- League: NAIA
- Sport: football
- Duration: Fall-Winter 2012
- Number of teams: 10

2012
- Season champions: Morningside (IA)
- Runners-up: Northwestern (IA)

Football seasons
- ← 20112013 →

= 2012 Great Plains Athletic Conference football season =

The 2012 Great Plains Athletic Conference football season is made up of 10 United States college athletic programs that compete in the Great Plains Athletic Conference (GPAC) under the National Association of Intercollegiate Athletics (NAIA) for the 2012 college football season. Morningside College of Iowa completed the regular season undefeated to win the conference championship and advance to the 2012 NAIA Football National Championship. Northwestern came in second in conference play and also qualified for the championship tournament, but lost in the first round to the Marian Knights by a score of 42-32.

==Regular season==
===Early Games===

| Date | Time | Visiting team | Home team | Site | TV | Result | Attendance | Ref. |
| August 25, 2012 | 6:00 PM | No. 13 Benedictine | Concordia | Davis Field • Fayette, Missouri |  | L 45–37 | – |  |
| August 30, 2012 | 7:00 PM | Valley City State University | No. 8 Morningside | Elwood Olsen Stadium • Sioux City, Iowa |  | W 7–49 | – |  |
| August 30, 2012 | 7:00 PM | Southwestern | No. 10 Northwestern | DeValois Stadium • Orange City, Iowa |  | W 0–49 | – |  |
^{#}Rankings from NAIA Coaches' Poll. All times are in Central Time.
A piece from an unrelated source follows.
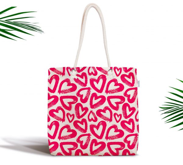 Modern Çizimli Kalpler Tasarımlı Dijital Baskılı Fermuarlı Kumaş Çanta

====#13 Benedictine at Concordia (NE)====

Opposing team kickers Zach Keenan (Benedictine) and Kenny Zoeller (Concordia) combined to score 20 of the 82 points in this game.

Leading 9-7, Concordia fumbled in the end zone and Benedictine's Hayden Smith jumping on it for a touchdown and took a 14-9 lead.

Benedictine put on 407 yards in total offense and went 8-16 on third down, while Concordia managed 295 total offensive yards and 5-14 on third down attempts. The final score was a victory for Benedictine 49-36.

|  | 1 | 2 | 3 | 4 | Total |
|---|---|---|---|---|---|
| #13 Benedictine | 7 | 10 | 14 | 14 | 45 |
| Concordia (NE) | 6 | 10 | 7 | 14 | 37 |

====Southwestern at #10 Northwestern (IA)====

Tenth ranked Northwestern hosted the Southwestern College Moundbuilders on a Thursday night game in front of 2,347 fans. Southwestern entered the game with optimism of a victory and breaking a losing streak.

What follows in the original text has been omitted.